Homeland Security Found No Extra Threat Posed By Citizens Of Countries Included In Trump’s Muslim Ban

Getty Image

In the month since Donald Trump signed an executive order calling for “extreme vetting” of immigrants, which would “keep radical Islamic terrorists out of the United States of America” per comments he made at a press conference, a lot has happened. The Ninth Circuit Court of Appeals ruled unanimously against overturning a temporary stay placed on the order’s stipulations regarding legal immigrants with recently obtained visas and other documentation, while the travel industry has suffered measurably in the aftermath. As for the order’s promises regarding several departmental studies to ascertain threat probabilities regarding the seven countries whose citizens were banned, it seems the Department of Homeland Security’s earliest assessment isn’t so great (for Trump).

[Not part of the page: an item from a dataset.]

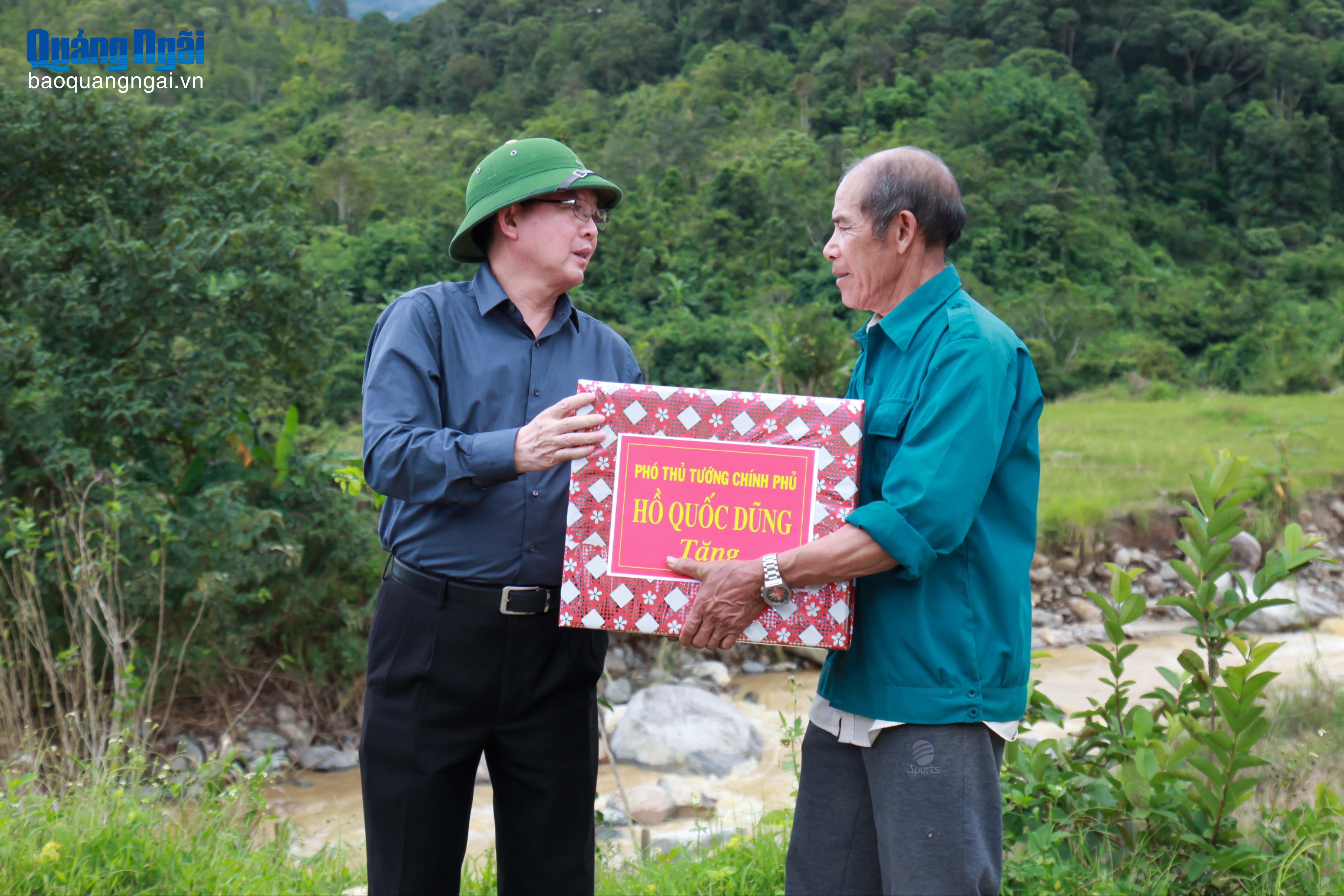 Dịp này, Phó Thủ tướng thăm hỏi, tặng quà và động viên người dân xã Ngọc Linh nỗ lực vượt qua khó khăn, sớm ổn định cuộc sống sau thiên tai.
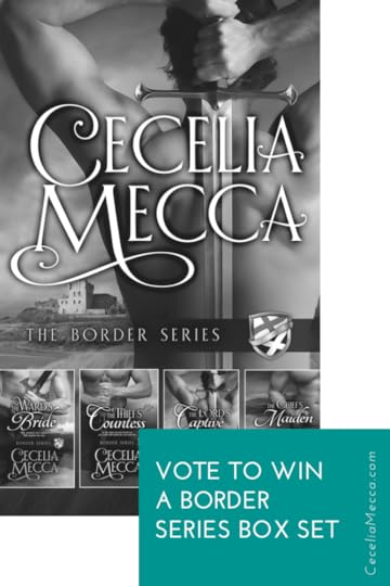 Coming from Facebook? If you’ve not yet had a chance to read the Border Series–a historical romance set along the 13th century Anglo-Scottish border– check out the covers below and head back to the post to vote for your chance to win a Border Series box.

A leaked three-page report ordered by the department’s acting under secretary determined, among other things, that “country of citizenship is unlikely to be a reliable indicator of potential terrorist activity.” What’s more, the report confirmed prior comments that “relatively few citizens of the seven countries” identified by the order — Libya, Sudan, Syria, Iraq, Iran, Yemen and Somalia — “compared to neighboring countries” like Turkey, Egypt and Saudi Arabia, “maintain access to the United States.” Which especially doesn’t bode well for the order, as residents from the latter three nations have committed known terrorists acts against or in the United States.

Following the document’s leaking on Thursday, Homeland Security spokesperson Gillian Christensen didn’t deny its validity when asked about it by the Associated Press. “While DHS was asked to draft a comprehensive report on this issue, the document you’re referencing was commentary from a single intelligence source versus an official, robust document with thorough interagency sourcing,” she said, adding the report in question “does not include data from other intelligence community sources.” As a result, “it is incomplete.”

Meanwhile, the Trump administration shows now signs of curbing its professed actions regarding domestic and international immigration — court decisions notwithstanding. As the president told CPAC attendees during his speech on Friday, “we are going to keep radical Islamic terrorists the hell out of our country.”